Software library of microTone Module is a Win32 DLL and it can use with any programming language which allows interface with dynamic link libraries (e.g: C++, C#, Python, Java, Delphi, Visual Basic, etc.) Some wrappers for this DLL are already implemented and available to download at microTone Module sourceforge.net code repository. And also if you implement or improve microTone Module wrappers please share them with the community.

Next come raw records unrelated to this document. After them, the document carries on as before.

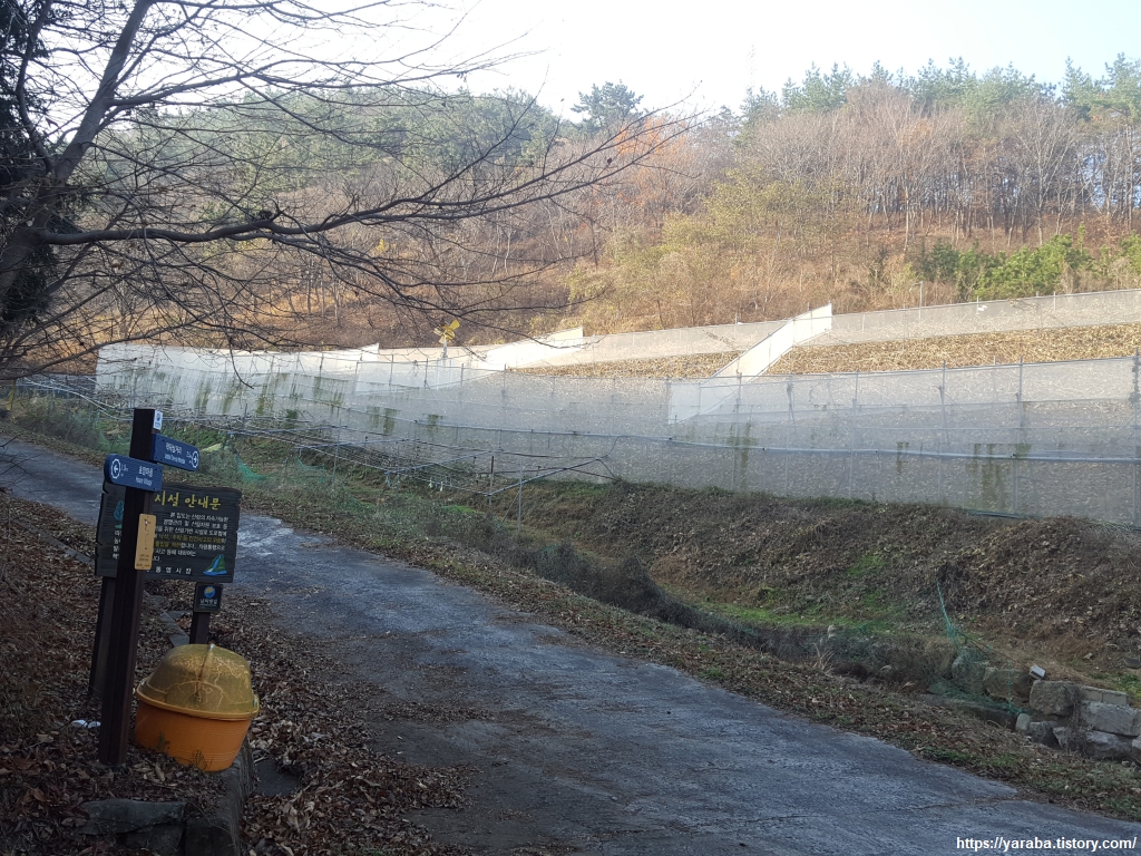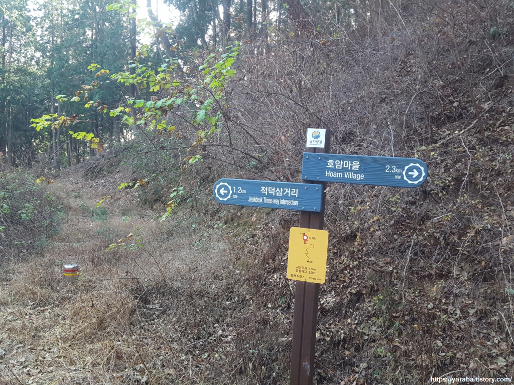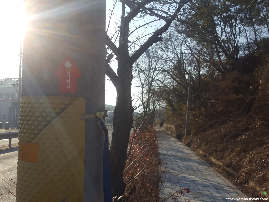 안정천을 지난 다음에는 도로변을 벗어나 임도로 진입해야 하므로 남파랑길 표식을 주의해서 찾아야 한다. 표식을 따라 우회전하여 임도로 진입한다.
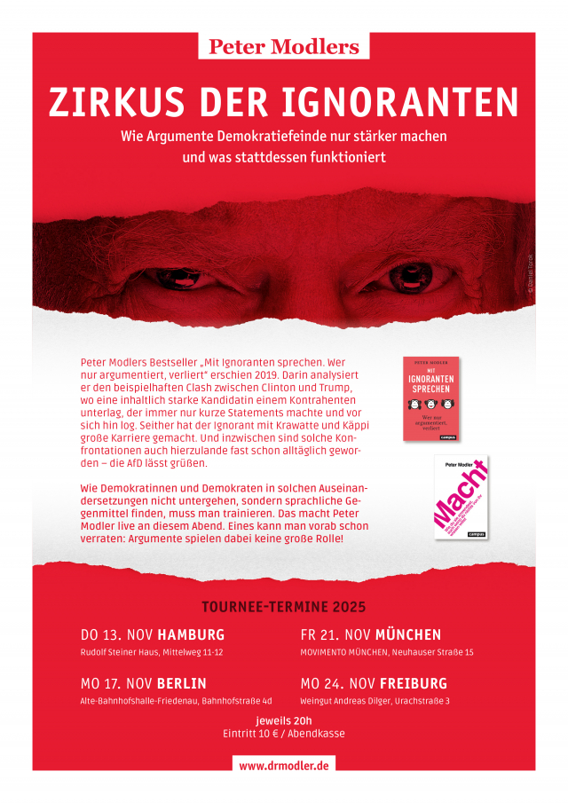 Gratis-Flyer zur Veranstaltungsreihe „Zirkus der Ignoranten“ 2025 Gratis-Flyer zur Veranstaltungsreihe „Zirkus der Ignoranten“ 2025 Macht. Mit Ignoranten sprechen Das Arroganz-Prinzip Wenn Höflichkeit reinhaut In die Stadt reiten – Essay Wie man den Wodka nicht trinkt – Essay Warum Ohnmacht so attraktiv ist und Macht so blöd. – Essay Die Manipulationsfalle Die freundliche Feindin Audiobook – Die freundliche Feindin Audiobook – Das Arroganz-Prinzip Die Königsstrategie Confronting Trump Talk – eBook Person Portfolio Sanierung von Firmen Begleitung von Führungskräften Politik-Beratung Berufliches Potenzial Seminare Alle Seminare Arroganz-Training® Ausbildung Vorträge Bücher + Audiobooks Macht. Wenn Höflichkeit reinhaut Mit Ignoranten sprechen Die Königsstrategie Die Manipulationsfalle Die freundliche Feindin Das Arroganz-Prinzip Audiobook – Die freundliche Feindin Audiobook – Das Arrogranz-Prinzip Videos Podcasts Presse Print Audio Kontakt mail_outline Gratis-Flyer zur Veranstaltungsreihe „Zirkus der Ignoranten“ 2025 Flyer zum Downloaden. In den Warenkorbshopping_cart Dr. Peter Modler Gratis-Flyer zur Veranstaltungsreihe „Zirkus der Ignoranten“ 2025
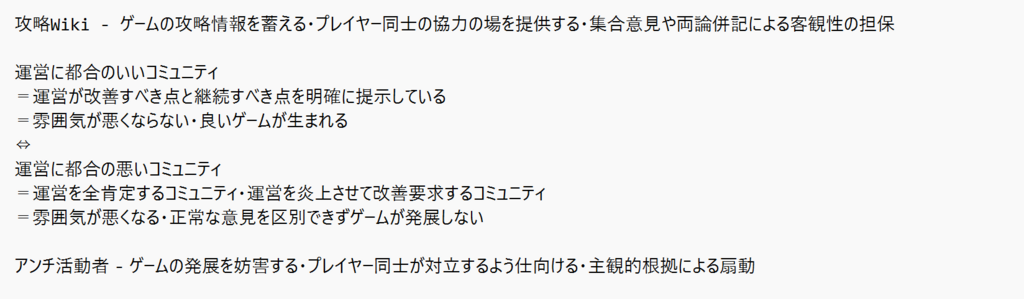 画像の図の通り、攻略Wikiのコメント欄のようなプレイヤーコミュニティはプレイヤーの手でゲームを発展させていく上で、大きな役割を果たせると考えています。しかし、このようなコミュニティから健全な環境が失われると、逆にアンチの恰好の的になり、ゲームが悪くなる負のスパイラルに陥ります。
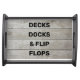This fun serving tray is decorated with the quote, decks docks and flip flops, on a weathered wood background, making it perfect for the cottage, boat, beach house or summertime.
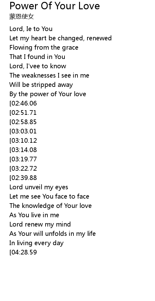 | [01:02.66] | By the power of Your love |
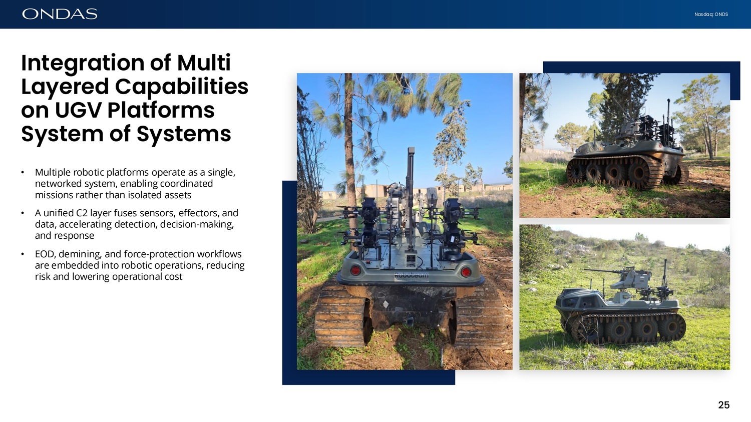 Nasdaq: ONDS Ifitegr6tiofi of Multi L6yered C6p6bilities ofi UGV Pl6tforms System of Systems • Multiple robotic platforms operate as a single, networked system, enabling coordinated missions rather than isolated assets • A unified C2 layer fuses sensors, effectors, and data, accelerating detection, decision - making, and response • EOD, demining, and force - protection workflows are embedded into robotic operations, reducing risk and lowering operational cost 25
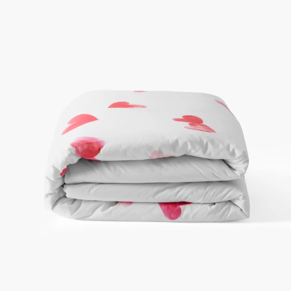Une parure de lit débordante d'amour et pleine de douceur lorsqu'on se glisse dans le lit.
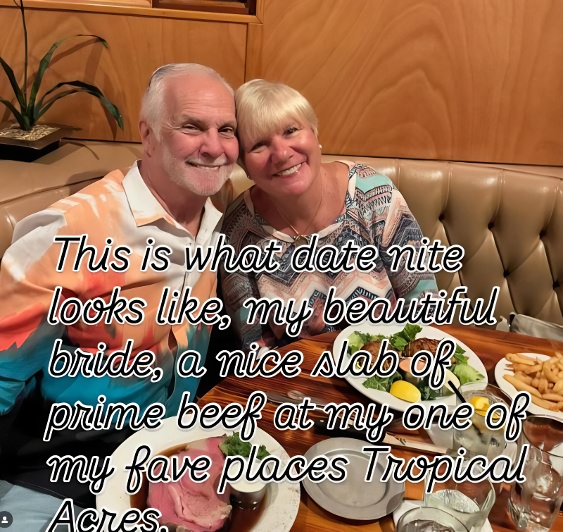 In the text overlay, it said, “This is what date nite looks like, my beautiful bride, a nice slab of prime beef at my one of my fave places Tropical Acres.”

Documentation and other related information about microTone Module are available at microTone Module wiki at sourceforge.net.

microTone Module processing hardware unit is consist with well known CM8870 DTMF decoder and PIC16F628A microcontroller. Technically processing section of microTone Module can be implementing using most of the microcontrollers in the market and if you do so please share your designs, comments and firmware with the community.

Comments

Ben said…
Regarding using the audio jack for for communication.. any idea how those ir blasters work?

They have a 3.5mm jack on one side (the side you hook up to a pc/smartphone), and then on the other side there is a small plastic enclosure for the ir.

But to generate the 38khz freq for a typical remote control using an audio jack, the only approach I've seen is to have 2 leds back to back. Those commercial emitters seem awfully small to have 2 ir leds, so how do they do it?!
Hi Ben, most of the IR blasters use 2 IR emitter approach and you can make it smaller using SMD versions of IR emitters.